With some friends every month we try a new restaurant. This month was my birthday choice and Without hesitation I suggested the hungry Bear in Meanwood. We’re 7 months into this now and the list of places to visit next seems to increase rather than decrease. We have savoured the tender steaks of Blackhouse, recovered from too much sangria at El Bareto, been offended in la grillade and broke a chair in Kendal’s bistro (I assume through the sheer weight gained that evening). The Hungry Bear still managed to stand out from the rest.

After a pint of Ilkley brewery’s Mary Jane at East of Arcadia we headed to The Hungry Bear on a rare sunny Sunday afternoon. The restaurant is unique, making it’s own ales on site with plenty in the pipeline. Serving modern British Cuisine, you’ll have a task to decide what to go for. The starter menu proved the biggest challenge featuring home smoked salmon, scallops with chorizo, smoked duck salad and mushroom and tarragon pate. I plumped for the confit chicken and black pudding terrine. The starter set the tone for the rest of the meal, hearty British flavours with care on ingredients and an attention to detail.  A fennel laden, sweet onion chutney cut through the rich, fatty terrine. My only criticism here and of the food full stop was slightly too much orange which at times over powered a brilliant dish. I was lucky enough to also try the smoked duck which balanced brilliantly with the crisp salad, well worth having.

I must admit my eye is always drawn to pork belly on any menu, today I certainly had no regrets. Again a dish of earthy, intense flavours, with confit and fired belly pork as it’s star, did not overface. The haricot cassoulet was the flavour equivalent of your mum tucking you in bed with an electric blanket and hot water bottle on a snowy day. The celeriac puree added sweetness and the dish was finished off with perfectly cooked kale for some needed seasonal, freshness. Perfectly balanced. Elsewhere the 24 hour cooked blade of beef needed no knife. The deep, intense flavour perfectly seasoned next to a Yorkshire pud as big as your fist showed how to make the most out of this under used cut of beef.

Managing to navigate past the passion fruit creme brulee, chocolate and Cointreau torte and pistachio sponge, I finished with parkin with lime creme fraiche.

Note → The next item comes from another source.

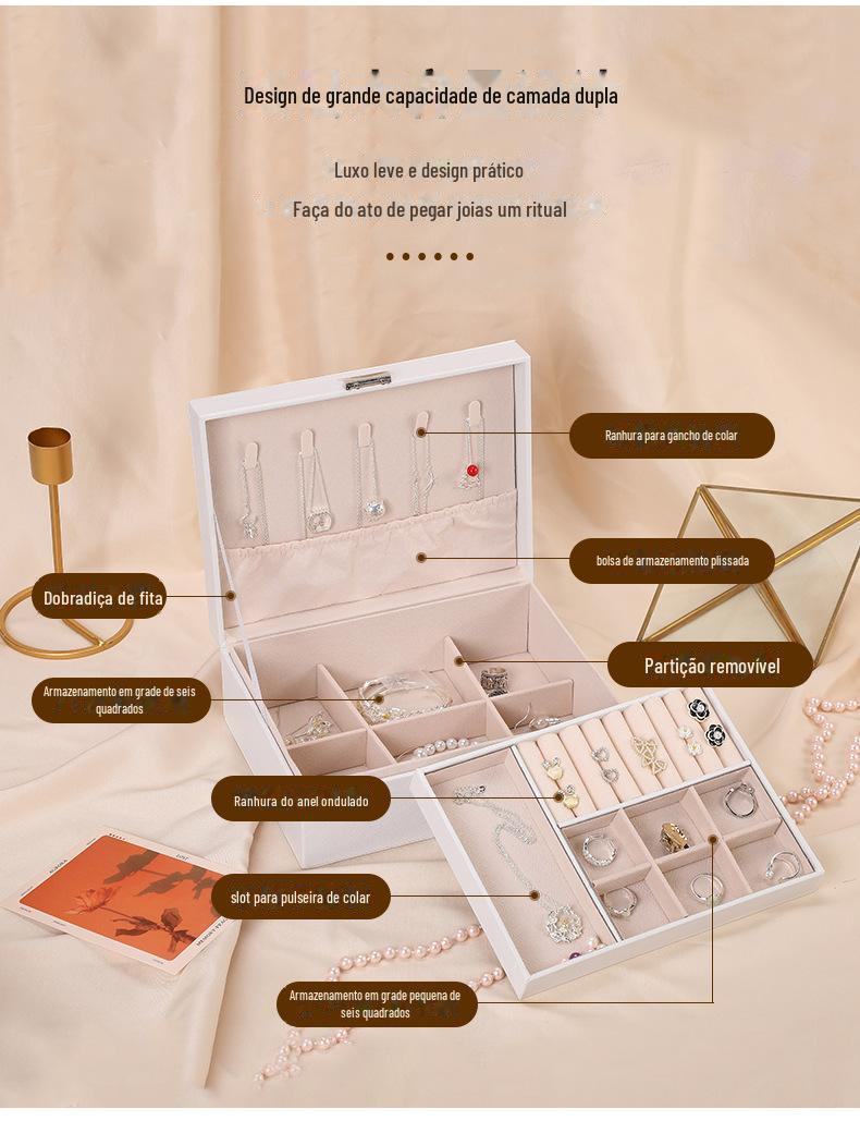 Caixa de armazenamento de joias high-end requintado de camada dupla leve luxo 2023 novo colar pulseira joias unhas brincos caixa de coleção

Such a rich dessert after a meal like this might seem a surprise but the light, tangy creme fraiche elevated Yorkshire’s stodgy classic into a fine restaurant dessert that refreshed more than filled.

From the start we were given a friendly, unpretentious, genuine welcome and with some well chosen indie tunes in the background – we felt right at home. This independent, down to earth restaurant near some great local bars is something special. I’d go now before they realise just how good they are and raise the prices.